** SOURCE DATA **
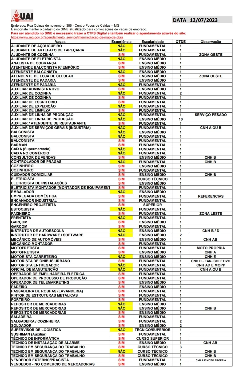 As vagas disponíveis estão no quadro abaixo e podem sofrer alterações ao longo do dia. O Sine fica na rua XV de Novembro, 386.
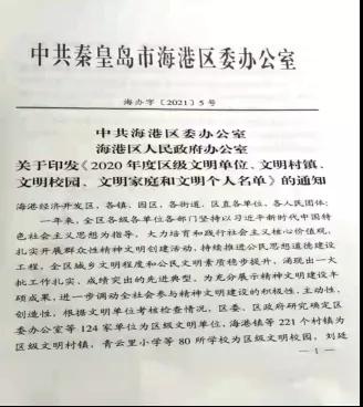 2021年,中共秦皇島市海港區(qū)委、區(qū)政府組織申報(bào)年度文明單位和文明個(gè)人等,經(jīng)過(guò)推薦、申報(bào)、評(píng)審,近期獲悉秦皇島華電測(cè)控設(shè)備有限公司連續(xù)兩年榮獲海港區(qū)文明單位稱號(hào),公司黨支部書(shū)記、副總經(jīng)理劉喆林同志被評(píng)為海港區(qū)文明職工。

---

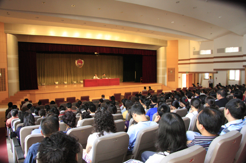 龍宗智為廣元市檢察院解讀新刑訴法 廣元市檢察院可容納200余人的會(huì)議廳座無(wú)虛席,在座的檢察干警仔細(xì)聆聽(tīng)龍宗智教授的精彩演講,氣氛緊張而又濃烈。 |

** YOUR GOAL **
Although the records hold pictures, the copy must not; give again exactly the lines from the one with "As vagas disponíveis" through the one with "2021年,中共秦皇島市海港".

** WRITTEN ANSWER **
 As vagas disponíveis estão no quadro abaixo e podem sofrer alterações ao longo do dia. O Sine fica na rua XV de Novembro, 386.
 2021年,中共秦皇島市海港區(qū)委、區(qū)政府組織申報(bào)年度文明單位和文明個(gè)人等,經(jīng)過(guò)推薦、申報(bào)、評(píng)審,近期獲悉秦皇島華電測(cè)控設(shè)備有限公司連續(xù)兩年榮獲海港區(qū)文明單位稱號(hào),公司黨支部書(shū)記、副總經(jīng)理劉喆林同志被評(píng)為海港區(qū)文明職工。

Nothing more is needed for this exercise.